1. A fixture for picking up and placing permanent magnets in a magnetic coupling device, characterized in that, include: The magnetic push cylinder (7), magnetic push rod (8), outer magnetic rotor (1) and magnetic sleeve (5) spliced ​​with the outer magnetic rotor (1) are provided. The magnetic push cylinder (7) is slidably connected to the magnetic sleeve (5) and the outer magnetic rotor (1). Multiple sets of external rotating permanent magnets (6) are installed inside the outer magnetic rotor (1). The multiple sets of external rotating permanent magnets (6) are located on the outer side of one end of the magnetic push cylinder (7). The magnetic push rod (8) is detachably installed inside the magnetic push cylinder (7).

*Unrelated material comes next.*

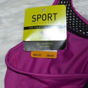 Wacoal bra wireless sport bra for the active collection. 38A/B. . Two-ply front with gentle molding maintains a natural shape and delivers support. Mesh inset on neckline and strap. Adjustable straps.Hook and eye band closure. New with tags.

2. The permanent magnet pick-and-place fixture for the magnetic coupling device according to claim 1, characterized in that: Both the outer magnetic rotor (1) and the magnetic shielding sleeve (5) have through slots that allow the outer rotating permanent magnet (6) to pass through. There are multiple through slots arranged in a circular array. The magnetic shielding pusher (7) is provided with multiple push blocks (71) that cooperate with the through slots. The push blocks (71) are slidably connected to the through slots. The outer magnetic rotor (1) is made of magnetic material.

3. The permanent magnet pick-and-place fixture for the magnetic coupling device according to claim 2, characterized in that: The through slot inside the outer magnetic rotor (1) is connected to the through slot inside the magnetic shielding sleeve (5).

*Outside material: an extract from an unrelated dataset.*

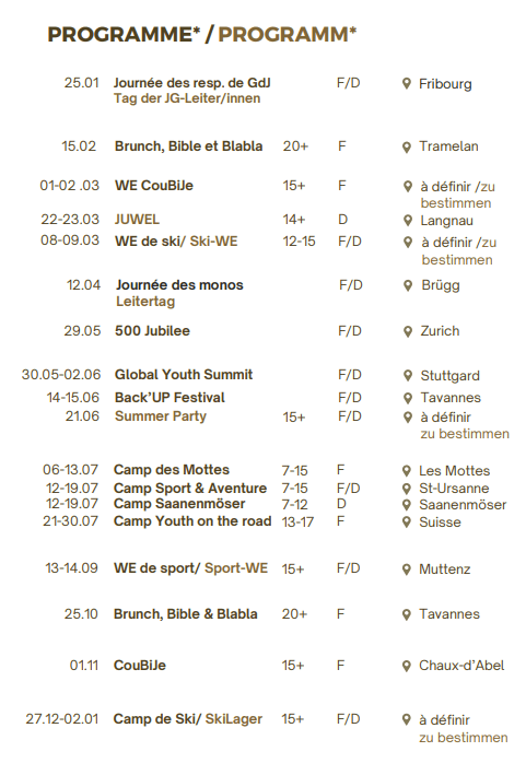 Nous sommes un groupe de jeunes, entre 14 et 25 ans, qui se retrouvent une fois par semaine. Nous voulons partager notre foi et grandir en elle. Notre programme consiste en diverses activités, que nous organisons régulièrement ensemble. Ici tu trouveras le programme actuel, plusieurs infos et ce que nous faisons.

4. The permanent magnet pick-and-place fixture for the magnetic coupling device according to claim 2, characterized in that: A first guide protrusion is provided between adjacent through slots inside the outer magnetic rotor (1), and a second guide protrusion is provided between adjacent through slots inside the magnetic shielding sleeve (5). The first guide protrusion and the second guide protrusion are provided correspondingly, and the two sides of the outer rotating permanent magnet (6) can respectively fit into the side of the first guide protrusion or the second guide protrusion located closest to the corresponding side.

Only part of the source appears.